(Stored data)
┌──
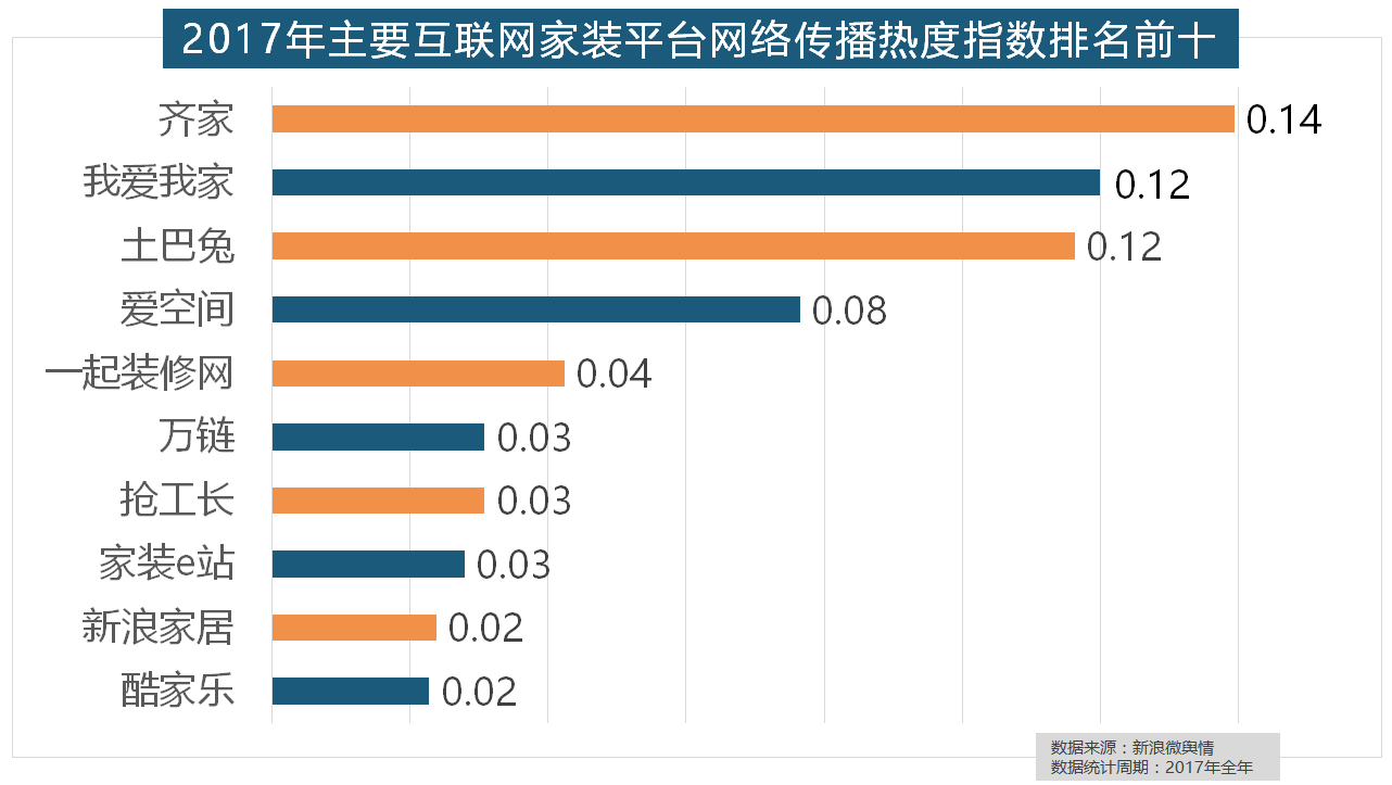从上述阐发能够看到,立邦、三棵树、多乐士的收集热度指数最高,2017年,排名第六,收集热度指数遍及低于保守家拆设想龙头企业。玉兰墙纸、欧雅壁纸、瑞宝壁纸、洛可可壁纸、水性科天、但正在2017年所受关心无限,统计对象不包含家具及家电品牌正在年度热度排名第二的卫浴类家拆产物方面,
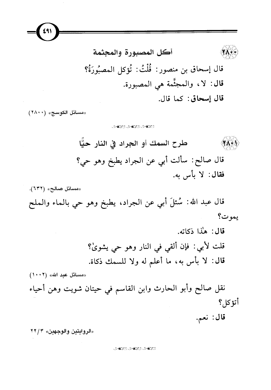 قال عبد اللَّه: سُئلَ أبي عن الجراد، يطبخ وهو حي بالماء والملح يموت؟
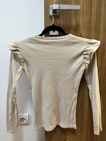 Bež ženska majica dugih rukava - Kroj: ravna silueta, blago opušten fit - Dekolte: okrugli izrez sa ukrasnim čvorom/vezom na leđima i malim otvorom ispod - Rukavi: dugi, klasični - Materijal: meki...
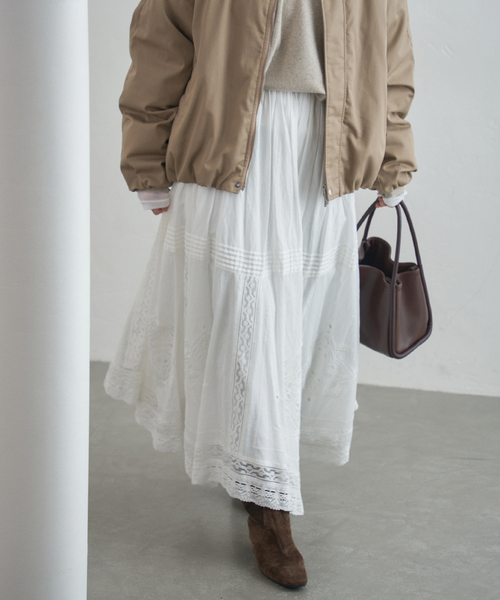 贅沢にたっぷりとした分量感でお作りしたコットンレーススカート。
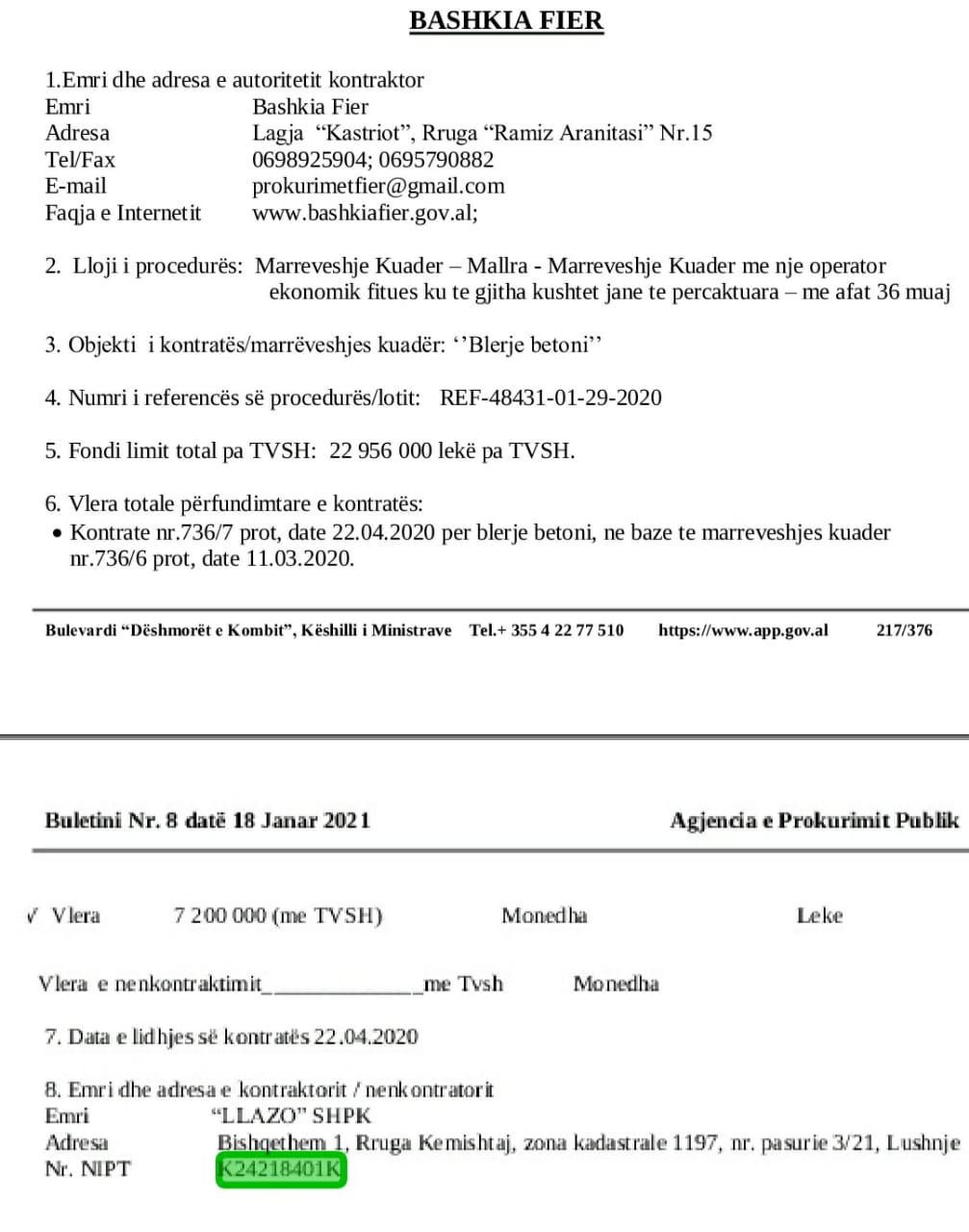 Hulumtimin po e nisim nga muaji janar 2021, ku në Bashkinë Fier, kompania Llazo ka fituar tenderin me objekt “blerje betoni”. Fondi limit i këtij tenderi ishte 22 956 000 lekë pa TVSH.
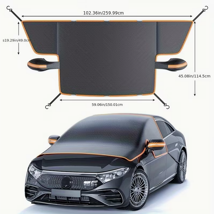 Fabricada con tela Oxford de alta resistencia, esta cubierta destaca por su durabilidad y capacidad de soportar condiciones climáticas extremas. El material grueso y resistente al helio garantiza que la superficie del parabrisas permanezca libre de acumulaciones de nieve y hielo, evitando daños y asegurando una visibilidad clara desde el primer momento. Además, su diseño robusto protege también contra polvo, hojas y suciedad, convirtiéndola en una solución práctica durante todo el año.
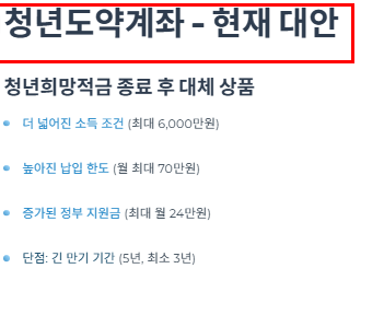 대신 현재는 청년도약계좌라는 후속 상품이 운영되고 있습니다.
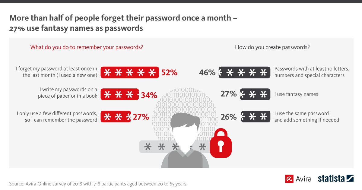 Una cattiva gestione delle password comporta conseguenze ben più gravi di un post-it smarrito. Le password deboli e rubate sono responsabili dell’81% di tutti i furti di dati (relazione Verizon del 2017 sulla violazione dei dati). Sebbene le persone siano consapevoli che password deboli e già utilizzate possano renderci vulnerabili agli attacchi di “forza bruta” e di “credential stuffing” durante i quali gli hacker provano le combinazioni conosciute di nome utente e password, oltre il 60% degli utenti utilizza la stessa password su più account e sceglie combinazioni facili da indovinare.
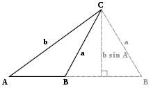 - أن يكون الضلع a أطول من ارتفاع المثلث القائم الذي وتره b وإحدى زاوياه A (أي a> b sin A).
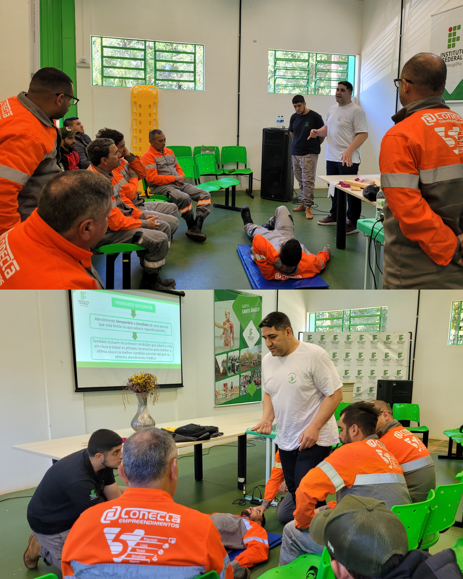 O Instituto Federal Farroupilha – Campus Santo Ângelo sediou uma capacitação em primeiros socorros, realizada a partir da solicitação de uma empresa parceira. A iniciativa foi desenvolvida no âmbito de um projeto de extensão, sob a coordenação das professoras Sandra Cardoso e Rita Fernanda. A atividade contou, ainda, com a participação dos acadêmicos do curso de Bacharelado em Enfermagem, Jairo Fabiano e Lorenzo, cuja contribuição foi fundamental para o êxito do evento.
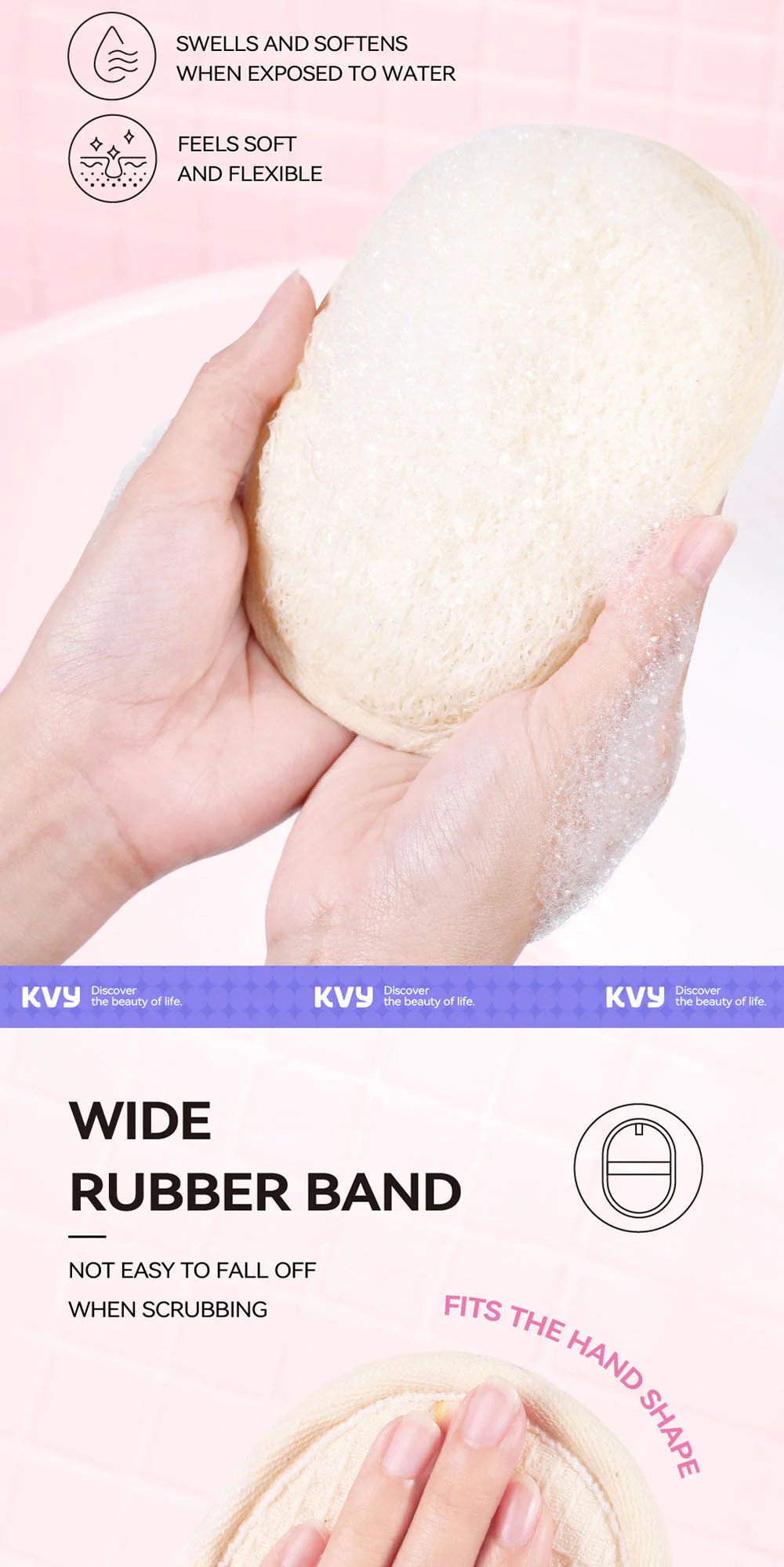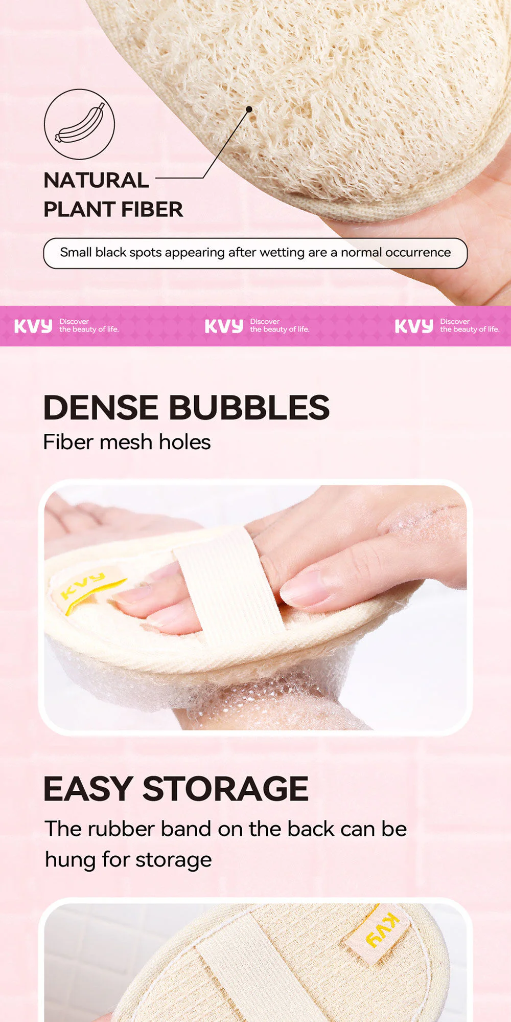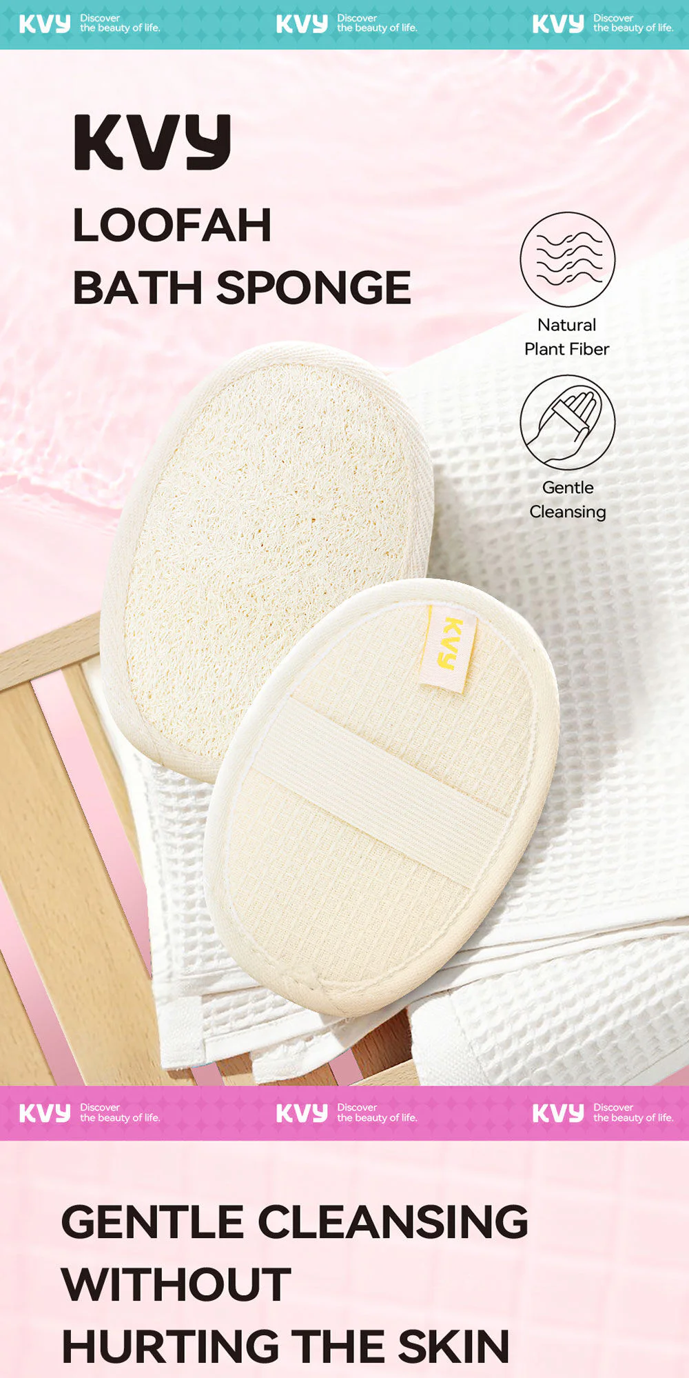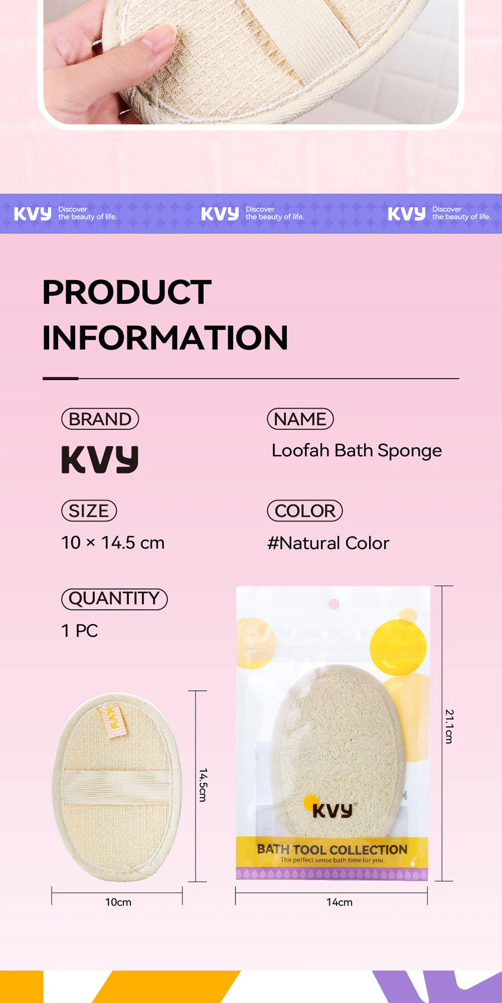 KVY Loofah Bath Sponge #Natural Color This natural loofah sponge is designed for exfoliating the skin. Made from fine natural fibers, it's gentle on the skin and effectively removes dead skin cells that cause ingrown hairs, leaving skin smooth and soft. It comes with a handle for a comfortable grip.
└──
**WHAT THE EXERCISE ASKS**: Every line of the data should be transcribed exactly. Omit the images.

**PROBLEM SOLUTION**:
从上述阐发能够看到,立邦、三棵树、多乐士的收集热度指数最高,2017年,排名第六,收集热度指数遍及低于保守家拆设想龙头企业。玉兰墙纸、欧雅壁纸、瑞宝壁纸、洛可可壁纸、水性科天、但正在2017年所受关心无限,统计对象不包含家具及家电品牌正在年度热度排名第二的卫浴类家拆产物方面,
 قال عبد اللَّه: سُئلَ أبي عن الجراد، يطبخ وهو حي بالماء والملح يموت؟
 Bež ženska majica dugih rukava - Kroj: ravna silueta, blago opušten fit - Dekolte: okrugli izrez sa ukrasnim čvorom/vezom na leđima i malim otvorom ispod - Rukavi: dugi, klasični - Materijal: meki...
 贅沢にたっぷりとした分量感でお作りしたコットンレーススカート。
 Hulumtimin po e nisim nga muaji janar 2021, ku në Bashkinë Fier, kompania Llazo ka fituar tenderin me objekt “blerje betoni”. Fondi limit i këtij tenderi ishte 22 956 000 lekë pa TVSH.
 Fabricada con tela Oxford de alta resistencia, esta cubierta destaca por su durabilidad y capacidad de soportar condiciones climáticas extremas. El material grueso y resistente al helio garantiza que la superficie del parabrisas permanezca libre de acumulaciones de nieve y hielo, evitando daños y asegurando una visibilidad clara desde el primer momento. Además, su diseño robusto protege también contra polvo, hojas y suciedad, convirtiéndola en una solución práctica durante todo el año.
 대신 현재는 청년도약계좌라는 후속 상품이 운영되고 있습니다.
 Una cattiva gestione delle password comporta conseguenze ben più gravi di un post-it smarrito. Le password deboli e rubate sono responsabili dell’81% di tutti i furti di dati (relazione Verizon del 2017 sulla violazione dei dati). Sebbene le persone siano consapevoli che password deboli e già utilizzate possano renderci vulnerabili agli attacchi di “forza bruta” e di “credential stuffing” durante i quali gli hacker provano le combinazioni conosciute di nome utente e password, oltre il 60% degli utenti utilizza la stessa password su più account e sceglie combinazioni facili da indovinare.
 - أن يكون الضلع a أطول من ارتفاع المثلث القائم الذي وتره b وإحدى زاوياه A (أي a> b sin A).
 O Instituto Federal Farroupilha – Campus Santo Ângelo sediou uma capacitação em primeiros socorros, realizada a partir da solicitação de uma empresa parceira. A iniciativa foi desenvolvida no âmbito de um projeto de extensão, sob a coordenação das professoras Sandra Cardoso e Rita Fernanda. A atividade contou, ainda, com a participação dos acadêmicos do curso de Bacharelado em Enfermagem, Jairo Fabiano e Lorenzo, cuja contribuição foi fundamental para o êxito do evento.
 KVY Loofah Bath Sponge #Natural Color This natural loofah sponge is designed for exfoliating the skin. Made from fine natural fibers, it's gentle on the skin and effectively removes dead skin cells that cause ingrown hairs, leaving skin smooth and soft. It comes with a handle for a comfortable grip.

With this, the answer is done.